Но худшее было еще впереди, напряженные годы, которые, как я понимала, имел в виду мой отец. Ко второму семестру одиннадцатого класса то, что до этого момента могло бы сойти за простую подростковую тоску, начало перерастать в глубокую депрессию. У меня начались проблемы со сном, и я все время была уставшей. Мне было трудно собрать волю в кулак, чтобы хоть что-нибудь сделать. Моя успеваемость резко упала, и мы с мамой постоянно были на ножах.

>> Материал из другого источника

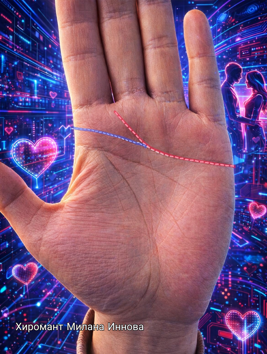🖍️Особенно интересен тот факт, что расположение начала линии относительно холма Юпитера (расположенного под указательным пальцем) может многое сказать о предпочтениях человека в выборе партнёров. Так, линия, начинающаяся ближе к этому холму, ассоциируется с любовью к сильным и уверенным партнерам, стремящимся к лидерству и власти.

«К сожалению, ты унаследовала это с моей стороны, – сказал мне отец однажды утром за завтраком. – Держу пари, ты тоже с трудом засыпаешь».
Он сидел за кухонным столом, поглощал хлопья и читал газету. Мне было шестнадцать, и я приходила в себя после очередной ссоры с матерью.
«Слишком много всего здесь происходит», – не поднимая глаз, сказал отец, постучал себе по виску, и перешел к спортивному разделу.